В этом романе мне хотелось объять все стороны Белой Борьбы. Все полюса. Москва, Петроград, Киев, Дон, Волга, Сибирь – вот, география данной книги. Наряду с героями вымышленными, чья история служит скрепляющей нитью всего произведения, важное место в романе занимают подлинные исторические фигуры: П.Н. Врангель, Л.Г. Корнилов, А.В. Колчак, С.Л. Марков, В.О. Каппель, Ф.А. Келлер, П.Д. Долгоруков, Л.А. Тихомиров, М.О. Меньшиков и др.

Книга целиком и полностью основана на документах, художественный вымысел присутствует лишь в мере, не нарушающей исторической правды, не искажающей фактов. Кроме событий военных и политических в романе уделено внимание положению русского национального движения, искусства и другим аспектам, имеющим важность для исследуемой темы.
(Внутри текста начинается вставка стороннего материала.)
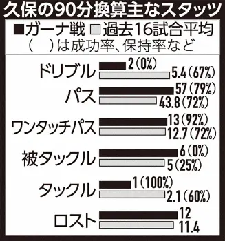 サッカー日本代表は10日に行われたキリン杯でガーナに4―1で快勝。インサイドハーフで出場したMF久保建英(21)のプレーを「データスタジアム」提供のスタッツで検証する。(記録課)
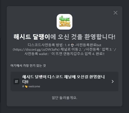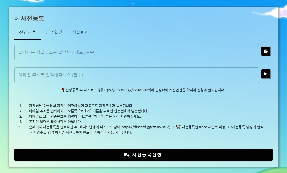 - 해시드달팽이 디스코드 참여(https://discord.gg/zzDW3aPe) → 🤖-사전등록완료bot 채널로 이동 → /사전등록 명령어 입력 → 사전등록 완료
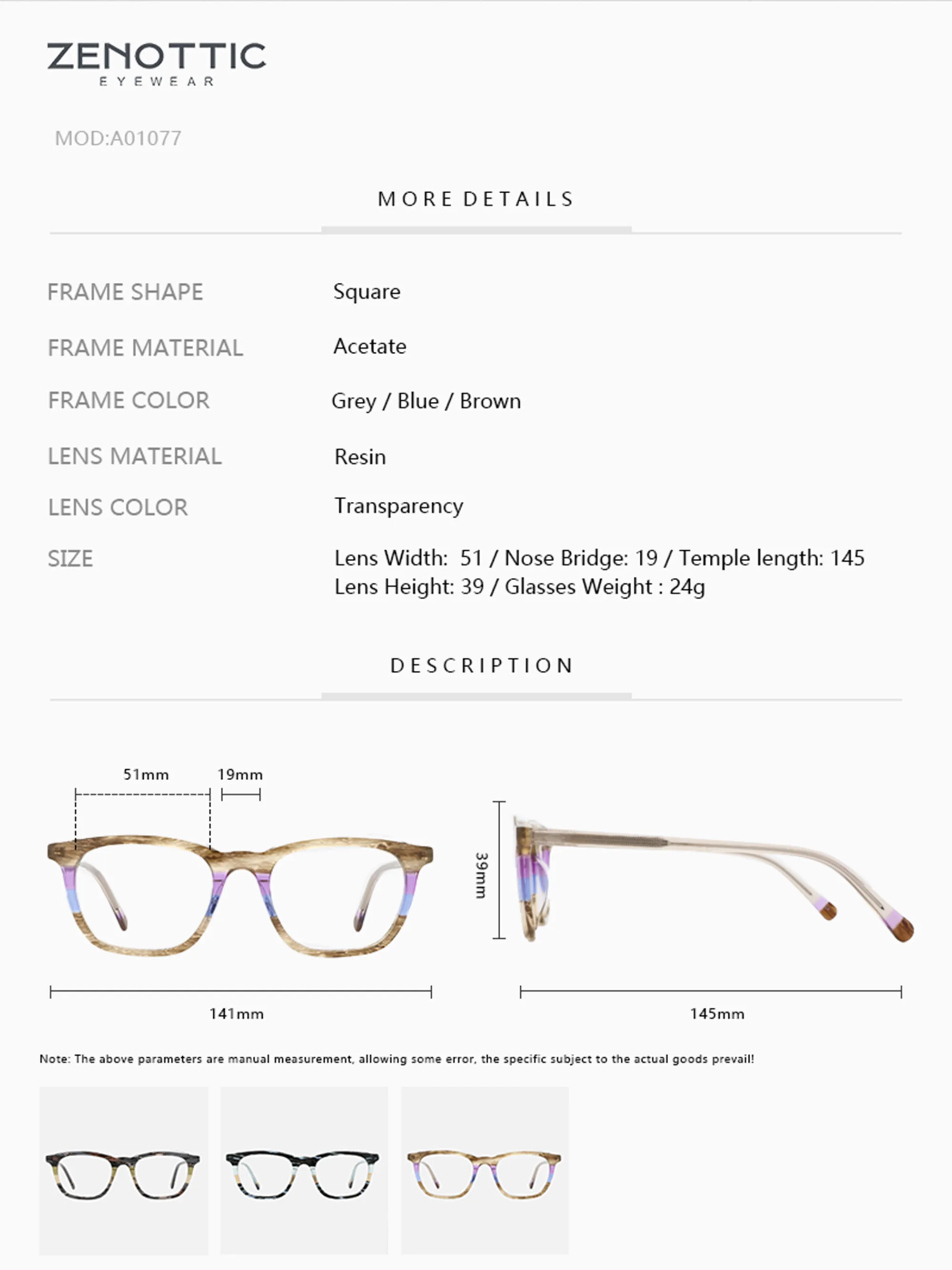 ZENOTTIC 2023 классические мужские ацетатные оптические очки в оправе с квадратным принтом очки без рецепта прозрачные линзы очки A01077
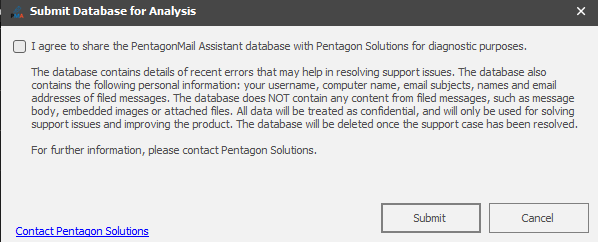 If you encounter repeatable problems, our technical support team may ask you to submit your database for analysis. The information is only used for diagnostic purposes and is deleted once the support case is resolved.
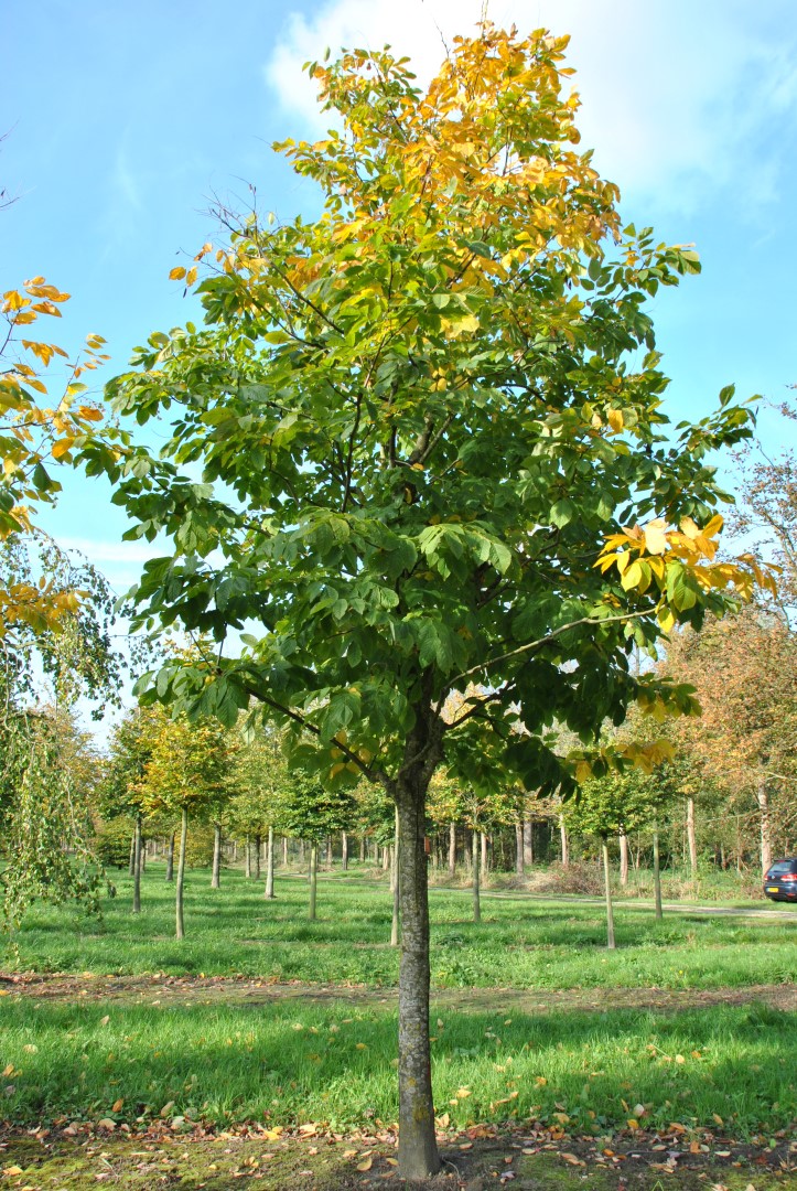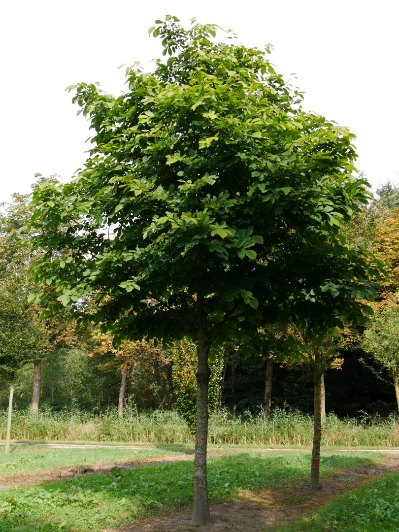Hoogstam boom Meerstammige boom Kleigrond Lemige grond Zandgrond verdraagt geen verharding Bestand tegen vorst (WH 1 t/m 6) Bestand tegen wind Afgeplat bolvormig Rond/bolvormig 2de grootte, boom tussen 6 en 12m Halfopen kroon Groen Mei Late uitloop Gemiddelde groeisnelheid Opvallende bloei Geveerd blad Alle herfstkleuren Drachtboom voor bijen Niet giftig (gewoonlijk) Grillig groeiend Sierlijke vruchten Geurende bloemen Speelboom

Задача данного произведения состояла не только в том, чтобы воспеть подвиг Белой Гвардии, внести лепту в восстановление памяти о нём, но и исследовать, понять причины произошедшей трагедии. Причины поражения Белого Движения. А вместе с тем и причины наших сегодняшних поражений. Ибо они имеют один корень. Насколько удалось справиться с этой задачей, Читатель рассудит сам.

Белая Борьба продолжается и сегодня. Она идёт в душах. И верю, что настанет день, когда Белая Идея одолеет смуту, царящую у нас и победит. Так, как писала об этом Марина Цветаева:

Белизна – угроза Черноте.

Белый храм грозит гробам и грому.

Бледный праведник грозит Содому

Не мечом – а лилией в щите!

Белизна! Нерукотворный круг!

Чан крестильный! Вещие седины!

Червь и чернь узнают Господина

По цветку, цветущему из рук.

Только агнца убоится – волк,

Только ангелу сдается крепость.

Торжество – в подвалах и в вертепах!

И взойдет в Столицу – Белый полк!

P.S. Выражаю огромную признательность Андрею Борисовичу Можаеву, чья поддержка и помощь имели для меня при работе над данной книгой неоценимую важность.

Том 1. БАГРОВЫЙ СНЕГ.

Глава 1. Кисмет

26 февраля 1918 года. Станица Ольгинская

Солнце вошло в станицу Ольгинскую, искря лучами по рыхлому снегу в чёрных проталинах, бестревожное, холодное и ясное. Даря свет всем людям, разделённым на непримиримые и жаждущие крови друг друга лагеря, не делая различий между ними, оно смотрело с неизменной приветливостью на всех, пробуждавшихся от его лучей: и на тех, кто встречал его улыбкой и прославлением Вседержителя, и на тех, чьи залитые ненавистью глаза уже разучились видеть красоту Божьего мира, и на тех, для кого это утро было всего лишь одним из чреды тысяч будущих в долгой жизни, и для тех, кто в последний раз видел его…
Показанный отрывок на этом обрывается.